Wednesday, September 26, 2007

Durum


That’s semolina to you. Grandpa’s grain elevator in North Dakota in the 1940s through the 1960s dealt with “spring wheat” and “winter wheat,” along with rye, flax, oats, soybeans, and corn. Spring wheat was usually the hard durum variety which is especially prized for pasta.

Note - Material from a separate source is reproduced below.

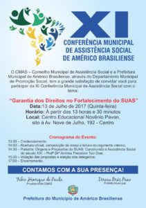 No dia 13 de Julho de 2017, à partir das 13 horas e 30 minutos, no auditório do Centro Educacional e Apoio Pedagógico “Novênio Pavan” o Município de Américo Brasiliense realizará a XI Conferência Municipal de Assistência Social, com o tema: “Garantia de Direitos no Fortalecimento do SUAS”.
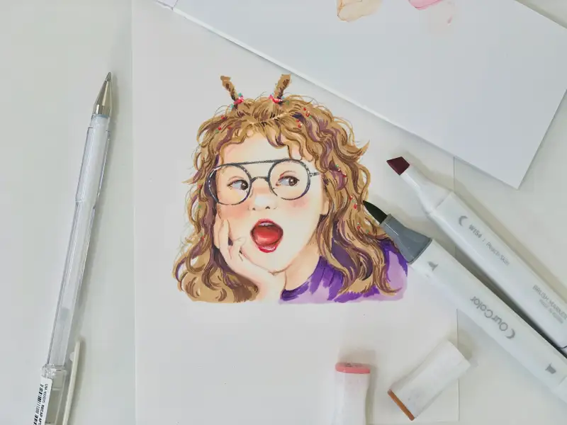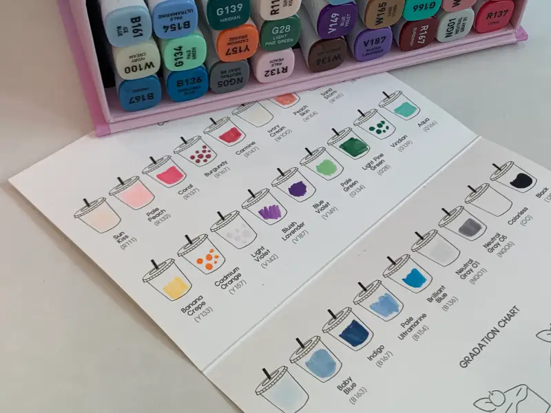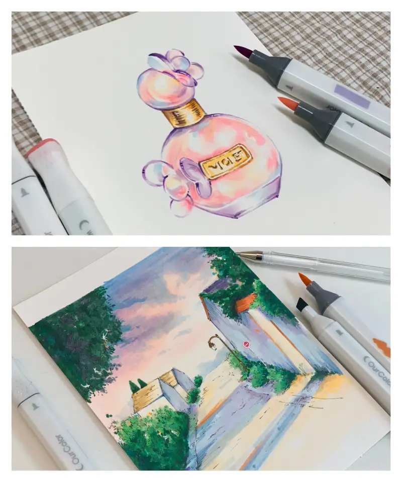 음료나 디저트 형태의 모양으로 칠해가며 귀여운 컬러차트를 만들 수 있고,일러스트가 그려진 종이에는 간단하게 채색해가며 골드손 아워컬러 마카를 경험해 볼 수 있기도해요

The reason I’m bringing this up is: we had a nostalgic dish tonight that was one of the first things I learned to cook as a 20-year-old bride. I picked up a free recipe pamphlet from the North Dakota State Fair published by the Durum Council of America, and it has recipes I still use for macaroni and cheese, sausage and macaroni casserole, spaghetti with meatballs, and other hearty and unfashionable things. The pamphlet recipes are professionally written and edited. Although it’s from the sixties, there is no cream of mushroom soup in evidence, and in fact the only processed ingredients are canned tomatoes and mushrooms. Fat is everywhere, but the use of salt is reasonable. This has the bonus of being a one-pot meal that can be cooked on a camp stove.

Here’s the original recipe. Of course I now modify it to use less meat, light sour cream, no sugar, more spices, and so forth.

Mexican Macaroni Sausage Casserole (as opposed to my regular vegetarian one)

1 pound pork sausage
¾ cup diced onion
¾ cup chopped green pepper
1 large can (1 pound 13 ounces) tomatoes
2 cups sour cream
2 tablespoons sugar
1 tablespoon chile powder
1 teaspoon salt
8 ounces elbow macaroni

In large skillet, brown sausage, onion, and green pepper. Drain off excess fat. Stir in tomatoes, sour cream, sugar, chili powder, and salt. Add macaroni. Cover skillet and simmer about 30 minutes, or until macaroni is tender.

Oh, and here’s a fun web page:

http://www.northern-crops.com/technical/introdurum.pdf

1 comment:

Eva said...

I'd never considered until this post and our recent conversation how much we are a wheat family. Do you still have that bookshelf made from the wood inside Grandpa's grain elevator?